Required work: Starting with the opening line of the material, restate every line word for word, and end on the line containing "Figure 8 represents".

Listed records:
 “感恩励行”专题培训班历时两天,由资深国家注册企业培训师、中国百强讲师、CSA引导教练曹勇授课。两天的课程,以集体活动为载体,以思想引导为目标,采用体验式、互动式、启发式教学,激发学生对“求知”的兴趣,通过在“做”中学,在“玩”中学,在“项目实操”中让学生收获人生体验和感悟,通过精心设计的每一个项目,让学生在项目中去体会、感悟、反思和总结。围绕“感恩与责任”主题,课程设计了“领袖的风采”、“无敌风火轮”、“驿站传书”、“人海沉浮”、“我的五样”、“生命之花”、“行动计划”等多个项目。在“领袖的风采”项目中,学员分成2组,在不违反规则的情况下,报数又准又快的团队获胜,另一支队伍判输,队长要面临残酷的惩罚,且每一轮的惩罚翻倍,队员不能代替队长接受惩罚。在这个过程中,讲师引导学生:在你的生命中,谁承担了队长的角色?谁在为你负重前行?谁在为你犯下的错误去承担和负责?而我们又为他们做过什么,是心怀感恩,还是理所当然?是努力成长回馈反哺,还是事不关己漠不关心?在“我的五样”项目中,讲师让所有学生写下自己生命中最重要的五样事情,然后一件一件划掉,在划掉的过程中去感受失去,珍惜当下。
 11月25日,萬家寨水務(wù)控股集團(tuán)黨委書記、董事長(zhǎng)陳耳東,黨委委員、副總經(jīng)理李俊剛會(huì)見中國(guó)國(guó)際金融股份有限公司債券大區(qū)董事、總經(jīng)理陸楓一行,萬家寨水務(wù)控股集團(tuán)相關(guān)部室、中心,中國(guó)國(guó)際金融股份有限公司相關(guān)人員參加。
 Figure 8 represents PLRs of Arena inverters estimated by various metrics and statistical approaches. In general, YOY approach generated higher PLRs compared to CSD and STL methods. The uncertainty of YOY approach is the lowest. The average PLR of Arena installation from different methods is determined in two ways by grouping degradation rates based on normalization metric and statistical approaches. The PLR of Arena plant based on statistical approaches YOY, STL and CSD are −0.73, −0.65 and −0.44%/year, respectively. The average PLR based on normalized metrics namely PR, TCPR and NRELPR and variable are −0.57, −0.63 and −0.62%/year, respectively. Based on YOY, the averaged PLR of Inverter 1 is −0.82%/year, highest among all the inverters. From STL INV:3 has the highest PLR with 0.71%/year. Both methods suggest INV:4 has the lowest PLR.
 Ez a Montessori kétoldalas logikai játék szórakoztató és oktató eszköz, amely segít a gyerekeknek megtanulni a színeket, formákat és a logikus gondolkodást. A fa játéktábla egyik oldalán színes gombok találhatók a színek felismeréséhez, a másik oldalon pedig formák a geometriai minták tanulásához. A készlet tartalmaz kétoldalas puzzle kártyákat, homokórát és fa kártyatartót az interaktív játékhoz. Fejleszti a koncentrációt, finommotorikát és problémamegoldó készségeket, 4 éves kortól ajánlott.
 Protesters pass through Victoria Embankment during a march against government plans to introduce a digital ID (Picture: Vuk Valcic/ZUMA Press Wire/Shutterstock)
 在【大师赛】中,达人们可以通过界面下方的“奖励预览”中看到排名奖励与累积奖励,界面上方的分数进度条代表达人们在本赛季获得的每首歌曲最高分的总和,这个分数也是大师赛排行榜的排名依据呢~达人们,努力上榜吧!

Answer space:
 “感恩励行”专题培训班历时两天,由资深国家注册企业培训师、中国百强讲师、CSA引导教练曹勇授课。两天的课程,以集体活动为载体,以思想引导为目标,采用体验式、互动式、启发式教学,激发学生对“求知”的兴趣,通过在“做”中学,在“玩”中学,在“项目实操”中让学生收获人生体验和感悟,通过精心设计的每一个项目,让学生在项目中去体会、感悟、反思和总结。围绕“感恩与责任”主题,课程设计了“领袖的风采”、“无敌风火轮”、“驿站传书”、“人海沉浮”、“我的五样”、“生命之花”、“行动计划”等多个项目。在“领袖的风采”项目中,学员分成2组,在不违反规则的情况下,报数又准又快的团队获胜,另一支队伍判输,队长要面临残酷的惩罚,且每一轮的惩罚翻倍,队员不能代替队长接受惩罚。在这个过程中,讲师引导学生:在你的生命中,谁承担了队长的角色?谁在为你负重前行?谁在为你犯下的错误去承担和负责?而我们又为他们做过什么,是心怀感恩,还是理所当然?是努力成长回馈反哺,还是事不关己漠不关心?在“我的五样”项目中,讲师让所有学生写下自己生命中最重要的五样事情,然后一件一件划掉,在划掉的过程中去感受失去,珍惜当下。
 11月25日,萬家寨水務(wù)控股集團(tuán)黨委書記、董事長(zhǎng)陳耳東,黨委委員、副總經(jīng)理李俊剛會(huì)見中國(guó)國(guó)際金融股份有限公司債券大區(qū)董事、總經(jīng)理陸楓一行,萬家寨水務(wù)控股集團(tuán)相關(guān)部室、中心,中國(guó)國(guó)際金融股份有限公司相關(guān)人員參加。
 Figure 8 represents PLRs of Arena inverters estimated by various metrics and statistical approaches. In general, YOY approach generated higher PLRs compared to CSD and STL methods. The uncertainty of YOY approach is the lowest. The average PLR of Arena installation from different methods is determined in two ways by grouping degradation rates based on normalization metric and statistical approaches. The PLR of Arena plant based on statistical approaches YOY, STL and CSD are −0.73, −0.65 and −0.44%/year, respectively. The average PLR based on normalized metrics namely PR, TCPR and NRELPR and variable are −0.57, −0.63 and −0.62%/year, respectively. Based on YOY, the averaged PLR of Inverter 1 is −0.82%/year, highest among all the inverters. From STL INV:3 has the highest PLR with 0.71%/year. Both methods suggest INV:4 has the lowest PLR.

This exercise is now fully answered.